SIERRA LEONE
Taylor appears before war court
FREETOWN — Former Liberian President Charles Taylor appeared before an international war-crimes tribunal yesterday to hear the 11 counts against him for helping destabilize West Africa through killings, maiming and the exploitation of diamond resources.
Mr. Taylor is the first former African president to face war-crimes charges. He was brought to Sierra Leone last week after briefly escaping custody in Nigeria.
Mr. Taylor faces 11 counts of war crimes and crimes against humanity, including sexual slavery and mutilation.
IRELAND
Gay partnerships given civil rights
DUBLIN — Ireland will legalize civil partnerships for homosexual couples, Prime Minister Bertie Ahern pledged yesterday as he opened new offices for the country’s main homosexual rights group.
Civil partnerships allow homosexual couples the same rights to inheritance, state benefits and other financial rights as held by married heterosexual couples.
“Sexual orientation cannot, and must not, be the basis of a second-class citizenship. Our laws have changed, and will continue to change, to reflect this principle,” Mr. Ahern told an audience at Ireland’s Gay and Lesbian Equality Network.
CHINA
Dalai Lama can visit under conditions
BEIJING — Tibetan spiritual leader the Dalai Lama may be allowed to visit China if he “completely abandons” independence ambitions, the nation’s religious affairs chief said in comments published yesterday.

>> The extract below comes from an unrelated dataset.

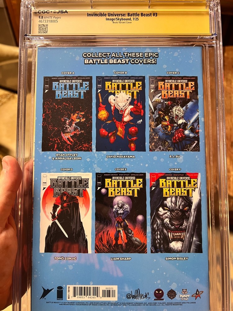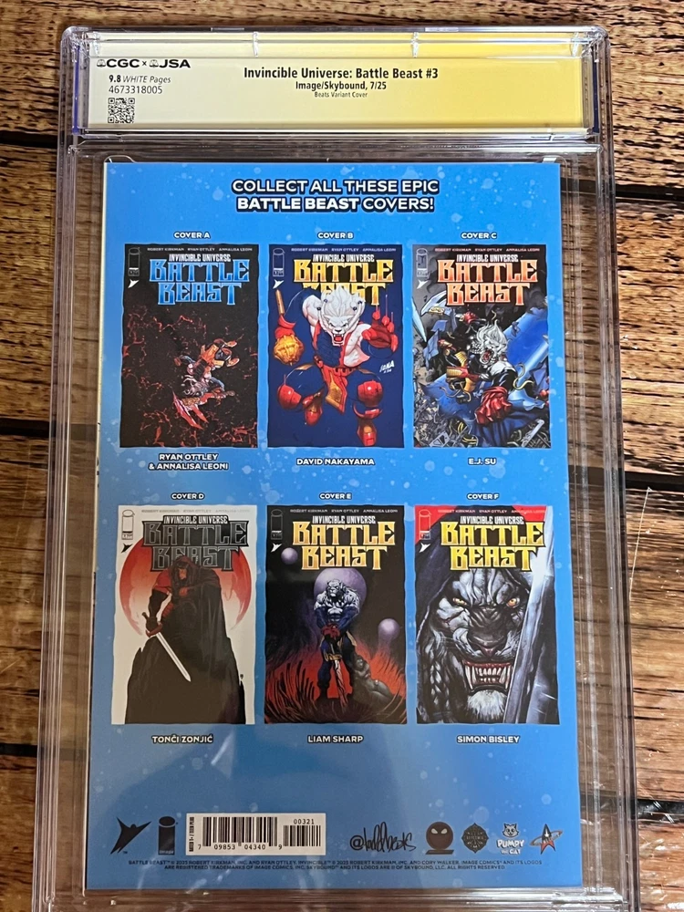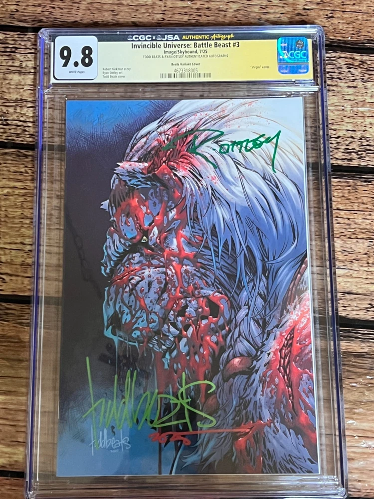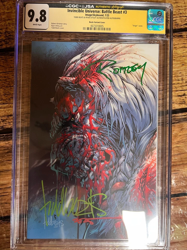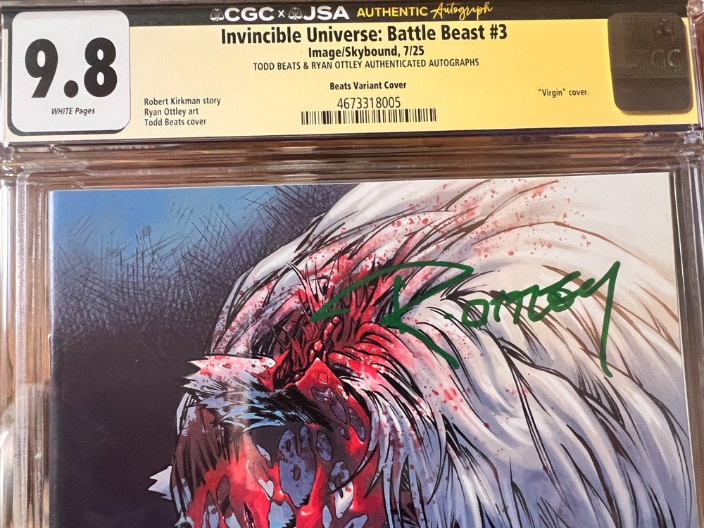 Up for sale is this gorgeous copy of Invincible Universe: Battle Beast #3 CGC 9.8 Double Signed by Todd Beats and Ryan Ottley! This cover is absolutely gorgeous with so much color! Guarenteed to look good in your personal collection! ITEM DETAILS Title: Invincible Universe: Battle Beast #3 Publisher: Image / Skybound Grade: CGC 9.8 (White Pages) Variant: Beats Variant Cover (Virgin) Signatures: β Todd Beats (Cover Artist) β Ryan Ottley (Invincible / Battle Beast legend) Label: CGC x JSA Authentic Autograph Certification #: 4673318005 Year: 2025 Why Should You Buy This Book? π₯ Stunning, ultra-violent Battle Beast artwork π₯ Dual authenticated signatures = BIG collector value π₯ High-end CGC 9.8 grade with white pages π₯ Virgin cover = clean, display-ready centerpiece π₯ Perfect for Invincible fans, Battle Beast collectors, and signature hunters SHIPPING & CONDITION β Ships well-packed and protected β CGC case is clean and clear β Comes exactly as shown in photos

“As long as the Dalai Lama makes clear that he has completely abandoned Tibetan ’independence,’ it is not impossible for us to consider his visit,” State Administration for Religious Affairs Director Ye Xiaowen told the China Daily.
The Tibetan government-in-exile based in the Indian hill station of Dharamsala welcomed the statement.
SOUTH AFRICA
AIDS group barred from U.N. meeting
CAPE TOWN — South Africa’s Health Ministry has barred the country’s top AIDS activist group from a major United Nations’ forum on the epidemic, the group said yesterday, sparking a new row over AIDS policy.
The Treatment Action Campaign (TAC), nominated for a Nobel Prize in 2004, said the government excluded it from a list of South African groups invited to the U.N. General Assembly Special Session on AIDS, to be held from May 31 to June 2 in New York.
Health Ministry officials conceded that TAC had been taken off the official list of invitees. The group’s campaign for anti-retroviral drugs puts it at odds with the president, who publicly questions the emphasis on such drugs.
VENEZUELA
Chavez tightens grip on oil fields
CARACAS — Venezuela seized two oil fields from France’s Total SA and Italy’s Eni SpA after the companies failed to comply with a government demand that operations be turned over to state oil company Petroleos de Venezuela SA, Oil Minister Rafael Ramirez said yesterday.
“Those two companies resisted adjusting to our laws,” he said. “Those fields return to total, absolute control by Petroleos de Venezuela.”
Until the Venezuela company took control of the oil fields Saturday, Total and Eni had operated them under contract. Some other companies, including Exxon Mobil Corp., decided to sell their stakes among the 32 Venezuelan oil properties rather than go along with the new terms.